Прайстер Смиггенс, помощник капитана, был совершенно другой закалки. Себе на уме, как любой интеллектуально одаренный человек, получивший приличное образование, он был скорее исключением на фоне команды «Кондора». Высокий, долговязый, он, казалось, качался на ветру, как тонкая осина. Он познакомился с Блэкстрапом в тюрьме. Смиггенс сразу распознал в капитане отличительные качества, которые ему самому не были присущи. А Блэкстрап, в свою очередь, увидел много замечательных черт в характере Смиггенса. В тюрьме они по большей части занимались тем, что без особой надежды на передышку раскалывали маленькими молоточками большие камни. Дружба сокамерников продолжалась несколько лет, и вот за каких-то несколько дней она, казалось, была подточена суровым испытанием.
Оба стояли сейчас на корме, позади морщинистого выходца из Нантакета, державшего штурвал. Рулевой был полон решимости, как гарпунщик-китобой на носу вельбота. Но всякая надежда уже давно покинула его. Сильные волны постоянно захлестывали палубу, и поредевшая команда делала все возможное, чтобы «Кондор» не перевернулся.
Ветер не стихал вот уже несколько недель. Упрямое течение, подхватившее корабль, уносило его все дальше от знакомых берегов в неведомое море. Небольшой обветшавший флаг трепетал на ветру. На этот раз это был голландский — в память о недавнем посещении Батавии.
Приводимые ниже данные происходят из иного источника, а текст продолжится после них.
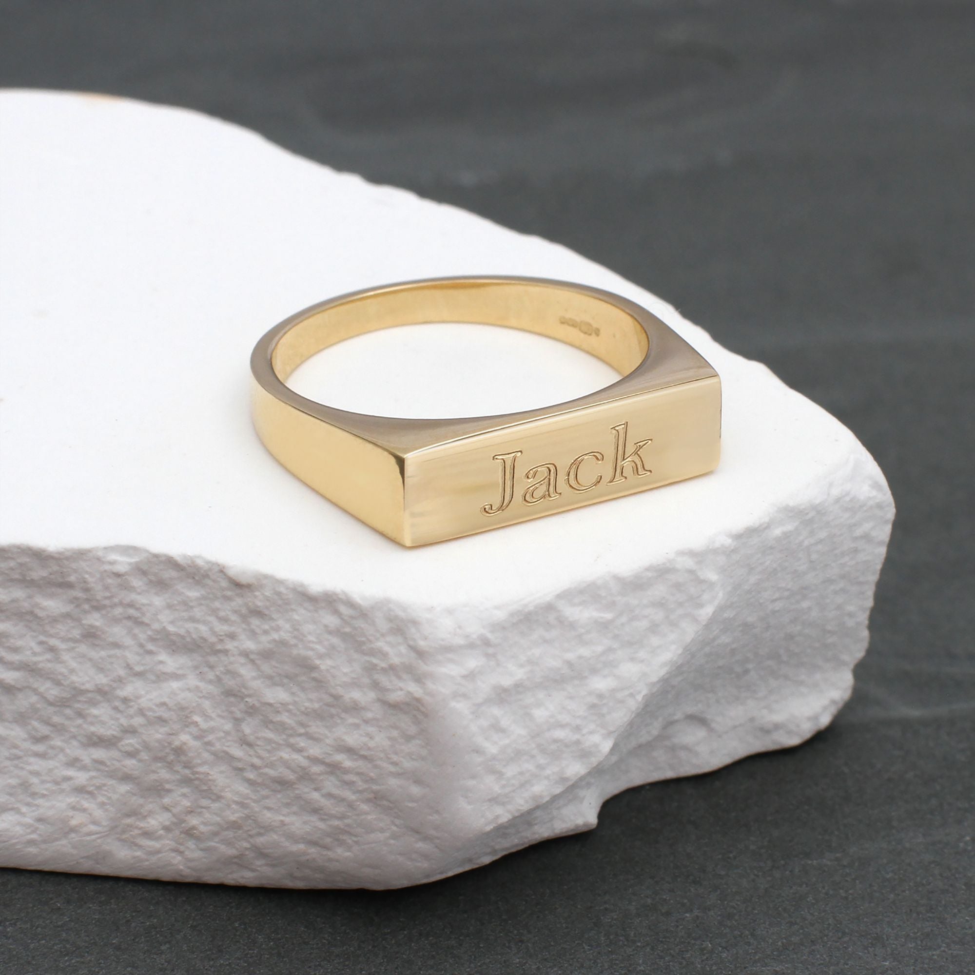 Solid Gold Rectangular Bar Signet Ring
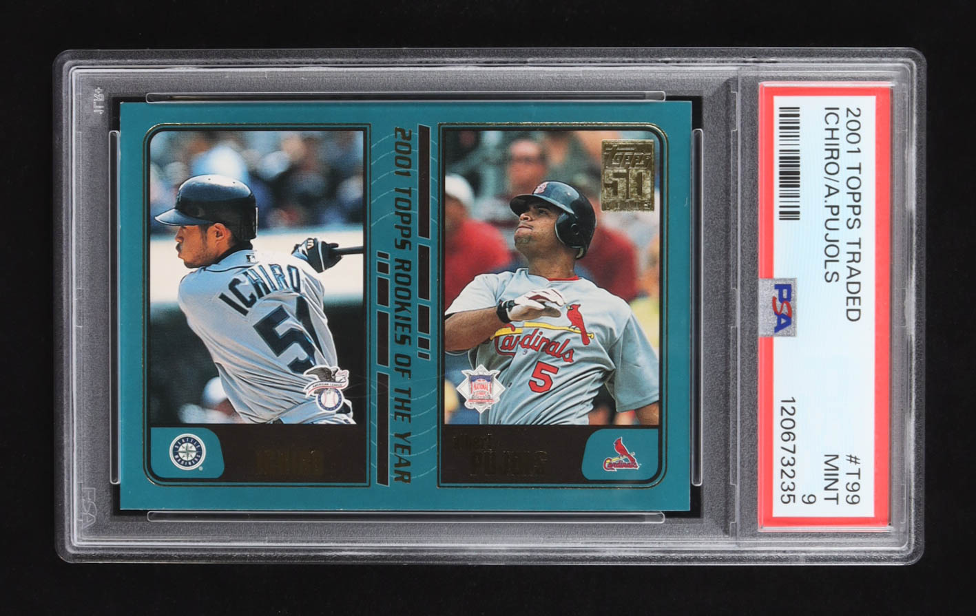 Ichiro Suzuki / Albert Pujols 2001 Topps Traded #T99 ROY RC (PSA 9)
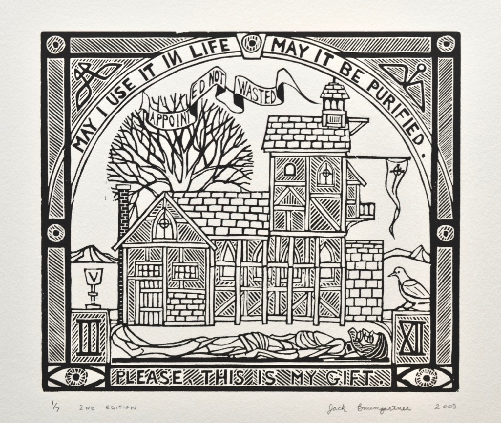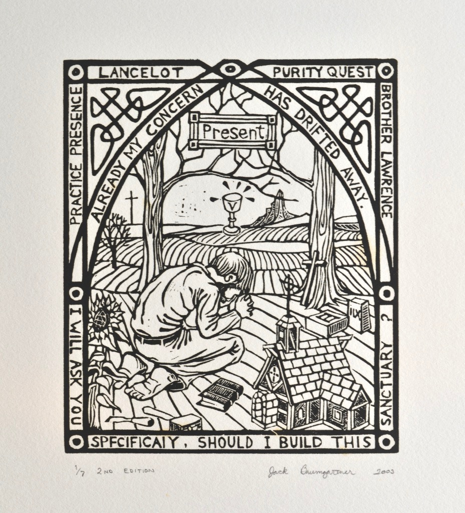 At first this little building was something I wanted to build on my dad’s land, when I was attempting the hermit’s life there. I made drawings of it and multiple block prints functioning as prayers, asking God if it was something I could make. I was truly desperate to build something that mattered, that could bring Him a tangible expression of glory. It has yet to manifest, though I’ve always wondered about the sanctuary as I’ve aged. Was it only a spiritual building? Is it something that He is building me into? Is it my cumulative life’s work? Is it a foolish dream? Idolatry, even? Maybe I need to be older and more experienced to build it? Can I build it now, on my own land?
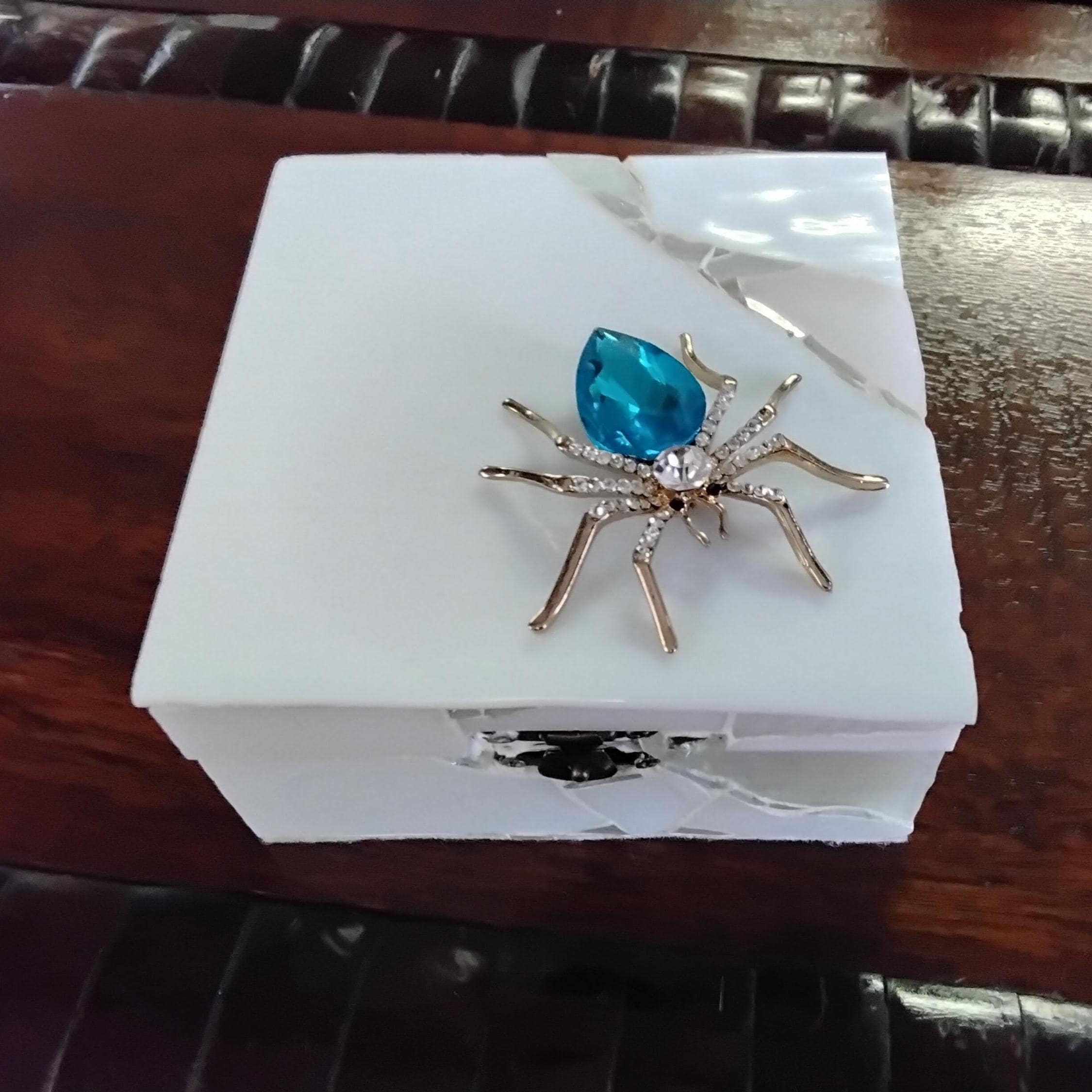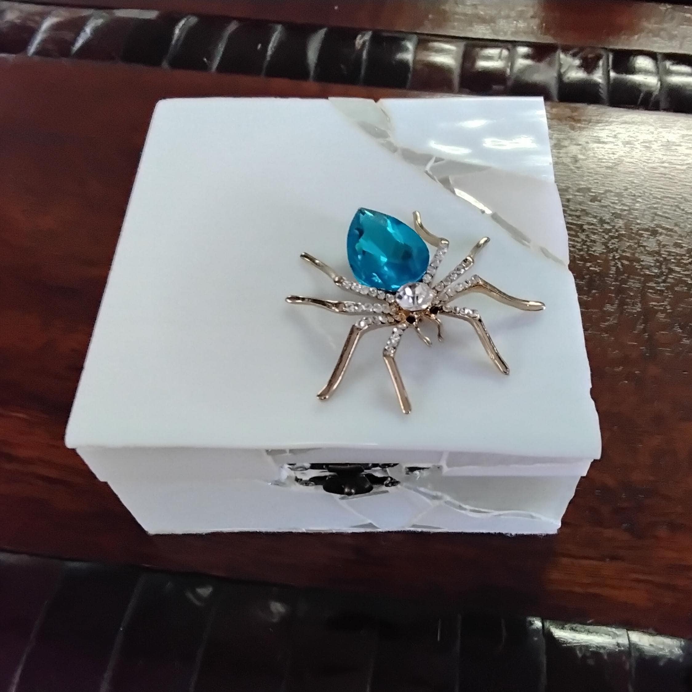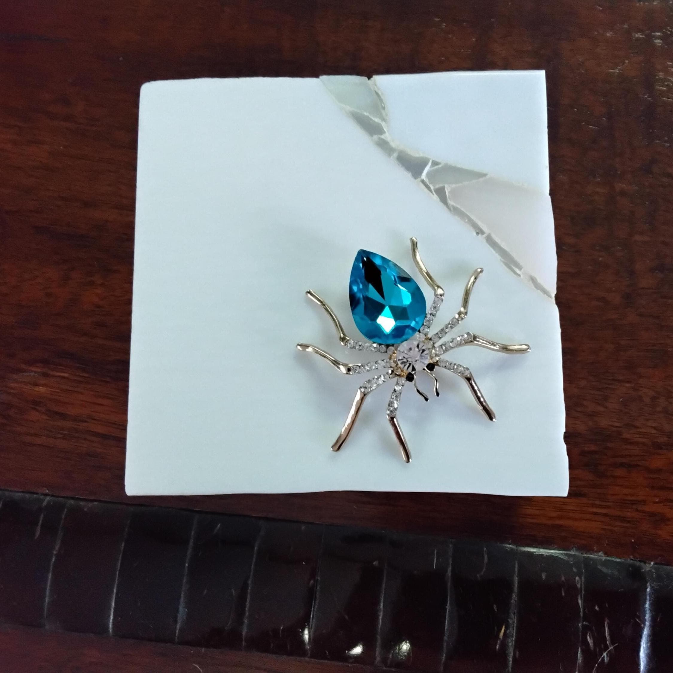 The large spider on top is made of plated silver, rhinestones and a large glass sapphire

Позже, в Гонконге, члены команды вступили в Союз моряков. В сундуке вместе с парусами были припрятаны флаги почти трех десятков стран — на случай, если вдруг понадобятся.
На самом деле команда «Кондора» не признавала никого и не гордилась ничем, кроме своей преданности товарищам. Единственный флаг, который они приветствовали, — черный с изображением черепа и скрещенных костей — поднимался только в самых важных случаях.
Ветер бросал бригантину из стороны в сторону, она сильно кренилась на правый борт. Блэкстрап, будучи шести футов росту, весом больше трехсот фунтов, стоял неколебимо, как скала. Корабль был его домом, здесь капитан был в своей стихии.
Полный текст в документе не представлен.